By Christine Negroni
WINDSOR LOCKS, Conn. – For more than a year, Martin Seifert, president of fiber optics company Nufern, felt like the most beautiful girl at the dance.
After purchasing a small Maryland company in 2010, he started scouting places to expand and found himself wooed by officials from Connecticut, Maryland and Canada.
Ultimately, he decided to add 30,000 square feet to the building he already occupied in Connecticut’s new Bradley Airport Development Zone, where he will receive a five-year, 80 percent tax rebate on the assessed value of the improvements and new machinery installed.
In qualifying for the incentives, Nufern becomes the first of what the Connecticut Airport Authority hopes will be a rush of companies building in an area that has had hard times.
From the boom year of 2005, when 3.7 million people flew from Bradley Airport, passenger traffic fell to 2.8 million in 2011. Two airlines left the airport and many of the remaining carriers cut service.
Creating a plan to develop idle buildings and vacant land in the communities that surround the 2,400-acre airport was a priority for Dannel Malloy, who became governor in 2011.
Bradley Airport could also serve as a blueprint for Sarasota-Bradenton International Airport, which is reeling from the August loss of AirTran Airways, its second-biggest carrier and the airline that pressured legacy carriers like Delta and US Air to keep a lid on fares and expand routes.
Bradley Airport is similar to Sarasota-Bradenton in that it is wedged between two cities with larger airports — New York and Boston. Sarasota-Bradenton, by comparison, is wedged between Tampa International and Fort Myers’ burgeoning airport.
As a result, developing land around the terminal at the 1,100-acre Sarasota-Bradenton airport could be a boon to the airport and to the surrounding area.
In some respects, that has already begun. A Holiday Inn Express was developed at the entrance to the airport, and airport chief executive Fredrick “Rick” Piccolo has said he is open to other, similar ventures.
A zone like the one created in Connecticut last year is hardly a new idea. Communities nationwide have begun programs to encourage development around airports, taking a cue from booming airports like Amsterdam’s Schiphol and Washington Dulles, in Virginia.
“Leaders recognize the airport and its built-up areas are primary business assets to compete in the 21st century,” said John D. Kasarda, a co-author of “Aerotropolis: The Way We’ll Live Next,” a book about the urbanization of airports.
Economic-development zones also are an idea that have been around for a while.
In Southwest Florida, there are special zones to encourage development in North Sarasota, around the struggling Newtown area, and at 5,000 acres surrounding the Port of Manatee, for instance.
Attracting business with incentives and relying on airports to be development anchors poses risks, too.
Pittsburgh relied too heavily on US Airways, and when it removed its hub in 2004 and reduced service further in 2008, flights dwindled to 150 from 600 a day.
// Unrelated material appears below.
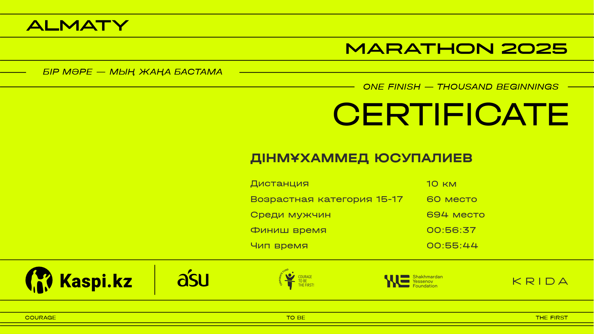 | 141 | Almat Tursynkanov | ![]() | Алматы | 6559 | 00:38:57 | 00:44:51 | 00:44:48 | Скачать |

Today, much of the land that was part of Pittsburgh International’s long-term economic plan remains unused.
“There are parallels between Bradley and Pittsburgh,” said Greg Lindsay, who wrote “Aerotropolis” with Kasarda.
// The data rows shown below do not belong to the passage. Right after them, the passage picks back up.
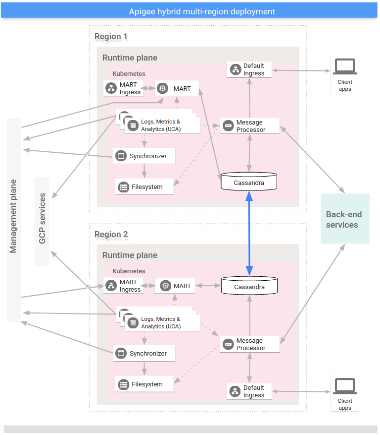 The regions in a multi-region hybrid deployment communicate via Cassandra, as the following image shows:
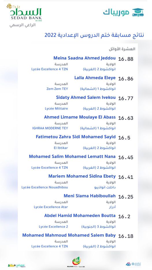 العشرة الأوائل في مسابقة نتائج مسابقة ختم الدروس الإعدادية (بريفة) 2022 النتائ…
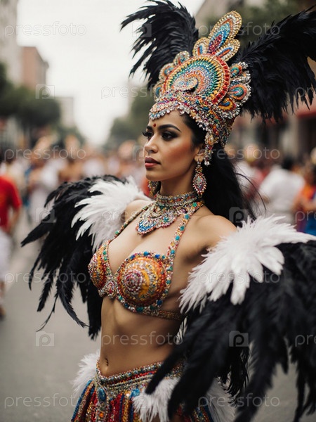 Живое карнавальное празднование с потрясающей мексиканской женщиной, одетой в сложный пернатый костюм на оживленных улицах во время праздничного парада
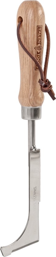 Het handvat bestaat uit sterk essenhout. Deze houtsoort is behandeld met een wax, waardoor vuil en vocht worden afgestoten. Bovendien ligt het hout prettig in de hand, waardoor het werken met deze handvoegenkrabber comfortabel blijft. Ben je klaar met het onkruid wieden? Het leren koordje geeft je de mogelijkheid om dit voegenkrabbertje aan een gereedschapshaak op te hangen. Zo voorkom je dat dit tuingereedschap kan slijten door contact met andere gereedschappen of met de grond.
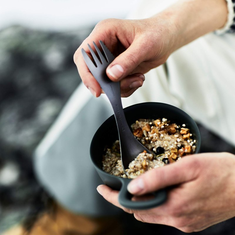 Die in Schweden hergestellte Schüssel besitzt ein Volumen von 300 ml und besteht aus biobasiertem Kunststoff auf Zuckerrohrbasis.
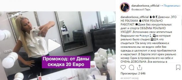 При этом траур по певице не помешал Борисовой у себя в микроблоге разместить рекламный пост и рассказать, как при помощи одного крема можно легко избавиться от лишнего веса, жира и целлюлита. Поклонники в комментариях посчитали, что вместо похорон Борисова пошла в салон, чтобы записать рекламу и заработать на ней, ведь деньги для неё все-таки важнее.

Both airport communities, for instance, were onetime commercial linchpins and are now “worried about drifting into obscurity as service is cut back,” Lindsay said.
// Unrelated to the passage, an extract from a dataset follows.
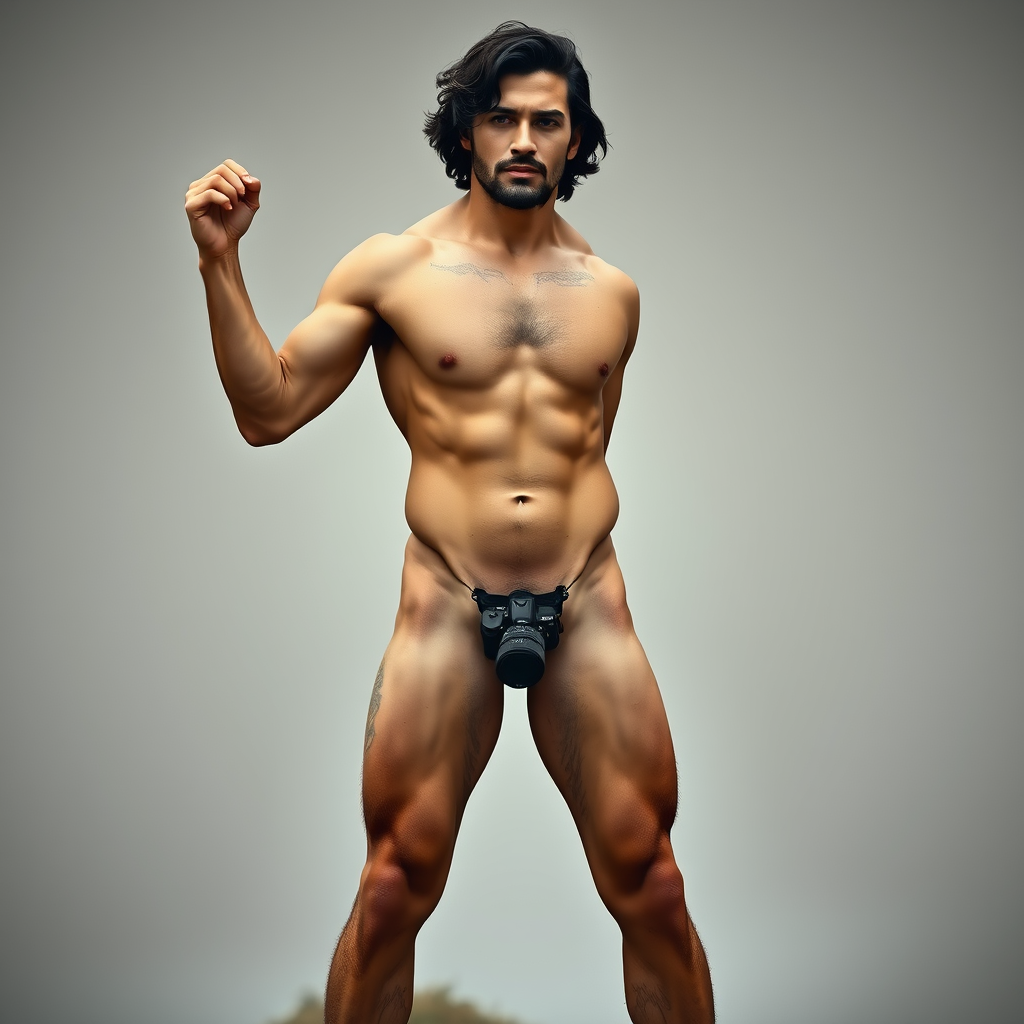 Harmony of nature, elegant figure, short black wavy hair, natural underarm hair, soft round features, rugged chest, natural stomach, bare feet, Nikon camera, ideal masculine form, crisp focus, standing strong, athletic build, stunning composition, dynamic posture, inspired by the artistry of John Collier, subdued tones, intricately detailed, strikingly handsome, captivating presence.

These days, Bradley is served by seven airlines, though it is campaigning for new flights. The state is considering offering a reduction in landing fees and other fees to airlines willing to bring transcontinental and international service to the airport. Sarasota-Bradenton, by comparison, regularly makes such concessions to airlines to lure them.
“We are targeting specific routes to make it more lucrative for a carrier to offer service at Bradley,” said Kevin A. Dillon, the airport’s executive director. “We’re trying to get business that will generate travel and also generate employment in the area.”